Almost New, flip flop hub with fixed cog and freewheel included.


----------



## wesfoster (21 Dec 2017)

Sharky said:


> Planet x seem to have a pair of basic track wheels for £69, but will be nutted. Could be difficult finding a pair with QR or you could try wing nuts.
> 
> If switching to SS or fixed have you considered any other issues - different axle widths, chain tensioning?

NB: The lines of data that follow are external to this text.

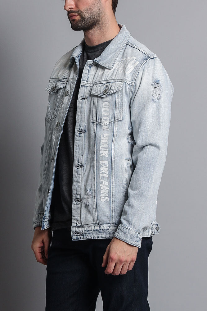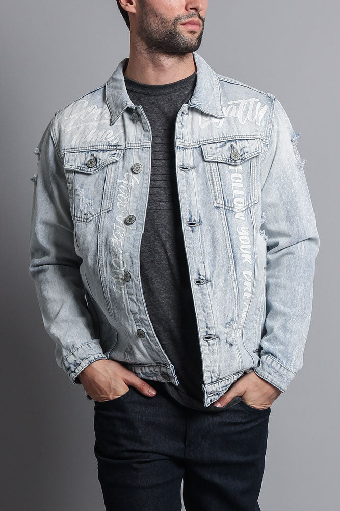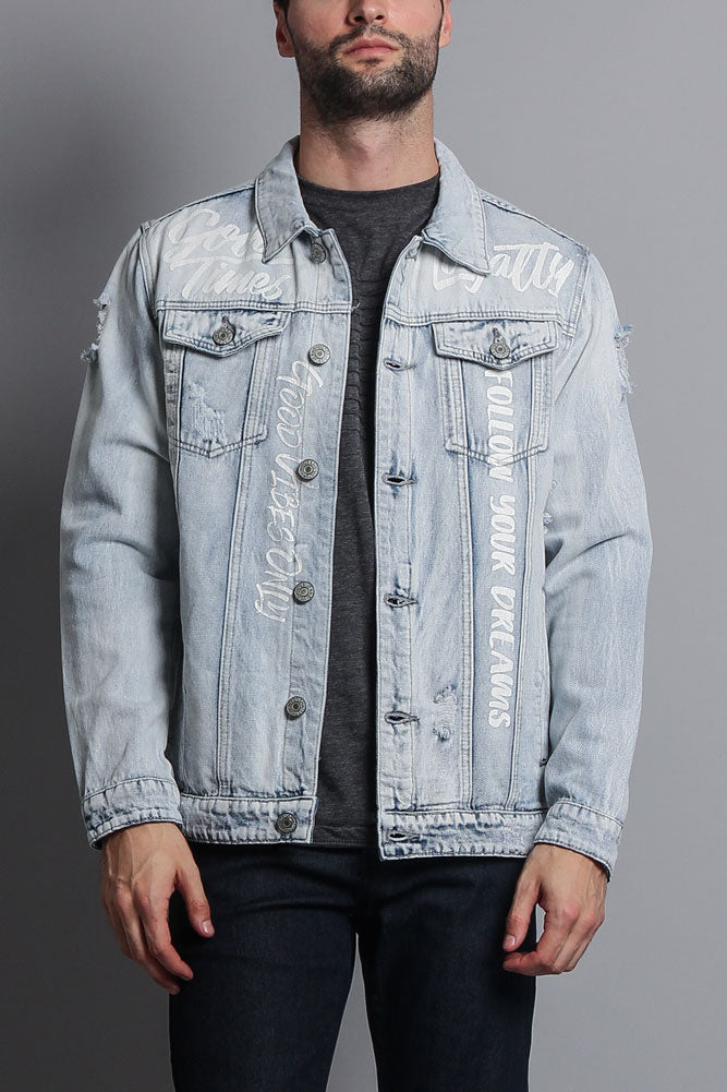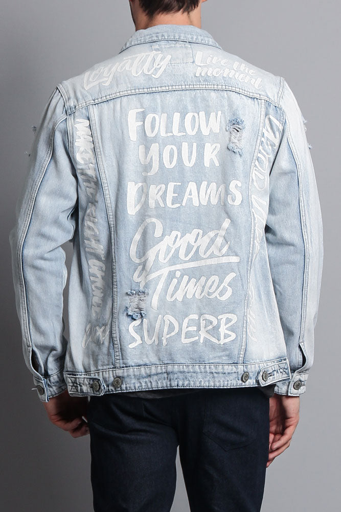 This jacket is made from bleach blue denim featuring scribbled writing and distressed detailing.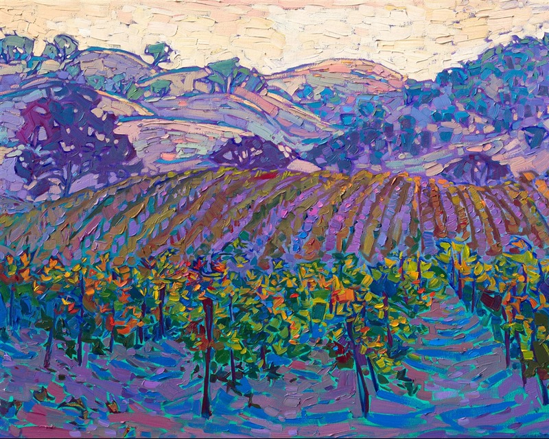 A representative of The Erin Hanson Gallery will arrange delivery of your Erin Hanson original oil painting. We will ensure someone is home to receive the artwork before shipping it out. Erin Hanson usually sells half of her original paintings while they are still drying on the dry rack. If your painting is still drying, we will let you know when it is expected to be fully dry and ready to ship (about six to eight weeks after the painting's completion.)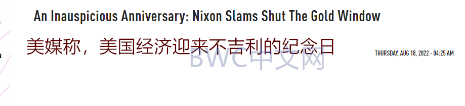美国金融网站零对冲8月18日报道,美国经济迎来一个不吉利的纪念日。51 年前的8月15日,理查德.尼克松突然关闭“黄金窗口”,并消除了金本位制的最后一丝痕迹。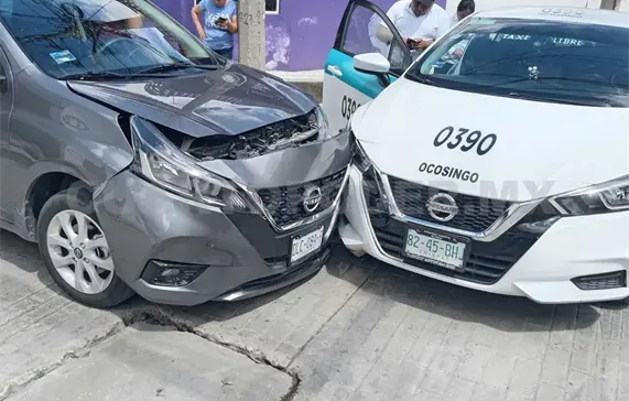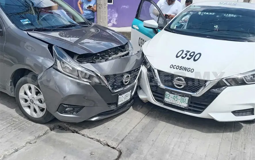 Lo anterior sucedió el jueves en la cabecera municipal sobre la 4.ª avenida Sur Oriente del barrio La Candelaria, teniendo como involucrados a un taxi del sitio Ocosingo, marcado con el número económico 0390, y a un automóvil Nissan Versa, color gris.

@Sharky Yeah just had a look at those, doesn't say if they're sealed bearings or not though (unless I've just missed it). Looking like the QR is me being overly picky, may just have to start carrying a spanner with me instead. Wing nuts are a no, I was reading up on them the other day and it sounds like they're pretty easy to not do up quite tight enough. I'll bear that converter in mind, it's not something that I need immediately anyway, but could be handy if I get really fed up of nuts. I'm hoping that depending on the wheels they might work with a little bit of spacing, if not though I'll use these https://www.tredz.co.uk/.Halo-Track...Is7TQtYSc2AIVSpPtCh2rUwCzEAQYBCABEgLQhfD_BwE#. My dropouts aren't quite horizontal but do have a little length in them (can't remember what it's called with that design) so I should be able to get just enough tension in the chain 



addman100 said:


> I have these Miche Primato wheels from VSprint if they are of interest?
> Almost New, flip flop hub with fixed cog and freewheel included.



Yeah they look good @addman100 , how much are you thinking for them? Also what's the braking track like on them, can't quite tell on the photos?


----------



## addman100 (22 Dec 2017)

@wesfoster the braking surface on the rear is untouched as the few miles i have used them for have been fixed gear. The front is in excellent condition, the wheels come painted so obviously the rim paint will wear over time.
VSprint wheels are built by Jess Varnish's dad, I've had a set before from him and they have always been reliable. 
I'm looking for £100 including postage. 
I've added some extra photos for you.
Adam


----------



## wesfoster (22 Dec 2017)

Perfect, sounds good. Pm'd you @addman100


----------